- Data excerpt
⟨

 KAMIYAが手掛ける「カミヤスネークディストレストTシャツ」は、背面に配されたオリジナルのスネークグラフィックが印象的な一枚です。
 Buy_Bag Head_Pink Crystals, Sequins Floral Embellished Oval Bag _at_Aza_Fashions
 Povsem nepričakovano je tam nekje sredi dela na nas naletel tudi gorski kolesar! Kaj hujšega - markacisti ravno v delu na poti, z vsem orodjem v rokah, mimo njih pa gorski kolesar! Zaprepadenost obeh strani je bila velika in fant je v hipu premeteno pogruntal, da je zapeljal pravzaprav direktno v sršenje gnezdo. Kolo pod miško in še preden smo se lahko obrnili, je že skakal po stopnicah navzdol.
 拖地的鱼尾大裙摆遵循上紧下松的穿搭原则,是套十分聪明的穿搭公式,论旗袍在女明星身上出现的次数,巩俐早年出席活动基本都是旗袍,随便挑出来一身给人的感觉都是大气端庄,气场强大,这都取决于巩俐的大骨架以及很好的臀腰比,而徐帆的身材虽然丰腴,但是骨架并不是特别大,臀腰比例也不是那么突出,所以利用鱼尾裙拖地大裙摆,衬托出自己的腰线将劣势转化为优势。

⟩

Repeat the data. Every word must match.

 KAMIYAが手掛ける「カミヤスネークディストレストTシャツ」は、背面に配されたオリジナルのスネークグラフィックが印象的な一枚です。
 Buy_Bag Head_Pink Crystals, Sequins Floral Embellished Oval Bag _at_Aza_Fashions
 Povsem nepričakovano je tam nekje sredi dela na nas naletel tudi gorski kolesar! Kaj hujšega - markacisti ravno v delu na poti, z vsem orodjem v rokah, mimo njih pa gorski kolesar! Zaprepadenost obeh strani je bila velika in fant je v hipu premeteno pogruntal, da je zapeljal pravzaprav direktno v sršenje gnezdo. Kolo pod miško in še preden smo se lahko obrnili, je že skakal po stopnicah navzdol.
 拖地的鱼尾大裙摆遵循上紧下松的穿搭原则,是套十分聪明的穿搭公式,论旗袍在女明星身上出现的次数,巩俐早年出席活动基本都是旗袍,随便挑出来一身给人的感觉都是大气端庄,气场强大,这都取决于巩俐的大骨架以及很好的臀腰比,而徐帆的身材虽然丰腴,但是骨架并不是特别大,臀腰比例也不是那么突出,所以利用鱼尾裙拖地大裙摆,衬托出自己的腰线将劣势转化为优势。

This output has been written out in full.